This repository contains the Jupyter Notebooks and supporting code for the paper accepted at the 2025 Advances in Science and Engineering Technology International Conferences (ASET).
Authors: Srijesh Pillai, Yodhin Agarwal, Zaheeruddin Ahmed
Paper Link: https://arxiv.org/abs/2509.11075
Audio-based equipment condition monitoring suffers from a lack of standardized methodologies for algorithm selection, hindering reproducible research. This paper addresses this gap by introducing a comprehensive framework for the systematic and statistically rigorous evaluation of machine learning models. Leveraging a rich 127-feature set, our methodology is validated on both synthetic and real-world datasets. Results demonstrate that an ensemble method achieves superior performance (94.2% accuracy), with statistical testing confirming its significant outperformance of individual algorithms. This work provides a validated benchmarking protocol for selecting robust monitoring solutions in industrial settings.
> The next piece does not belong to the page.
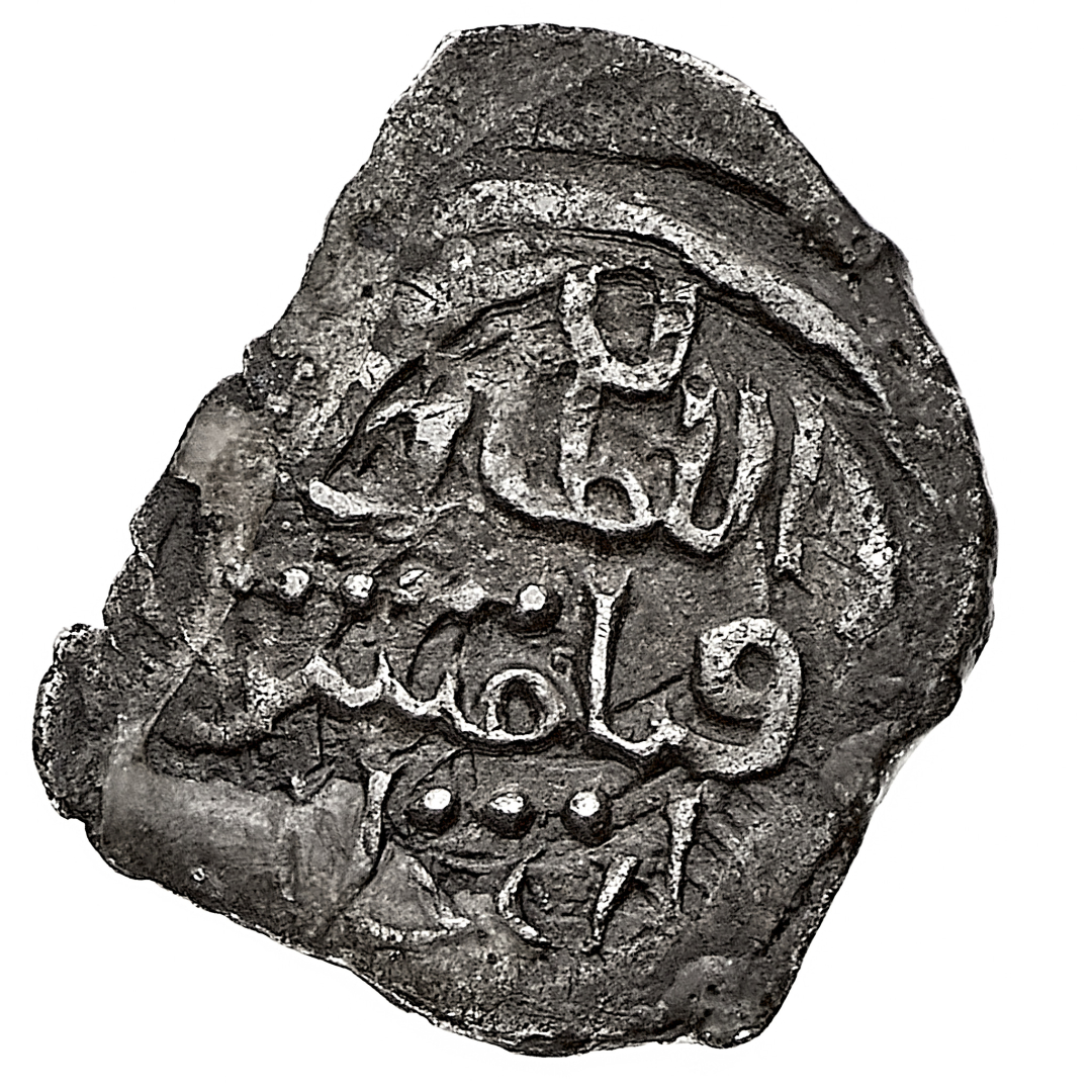 Dmitry Donskoy (1362-1389) - Denga databile al periodo 1391-1393 circa - Diritto: guerriero a sinistra tiene la spada con la mano sinistra - Rovescio: legenda in arabo - gr. 0,90 - Molto rara - BB - Proveniente dall'asta Katz eAuction 106, 27.12.2023, n. 1206

Our framework systematically evaluates six machine learning algorithms across multiple performance dimensions. The ensemble method consistently demonstrates superior accuracy and robustness to noise.
| Overall Performance (F1-Score) | Noise Robustness Analysis (F1-Score) |
|---|---|
![]() |
![]() |
This project proposes and implements a complete, end-to-end pipeline for the fair and reproducible benchmarking of classification algorithms for audio-based fault detection.
Clone this repository to your local machine:
git clone https://github.com/YOUR_USERNAME/audio-condition-monitoring-framework.git
cd audio-condition-monitoring-frameworkThe analysis requires the custom_industrial_dataset_127features.csv file. Due to its size, it is not included in this repository. Please place the file inside the data/ directory.
It is recommended to use a virtual environment. Install all required libraries using the requirements.txt file:
pip install -r requirements.txtThe analysis is contained in the Jupyter Notebook: model_analysis.ipynb. This notebook contains the core logic for loading the data, training all six models, evaluating their performance, and generating the primary results tables.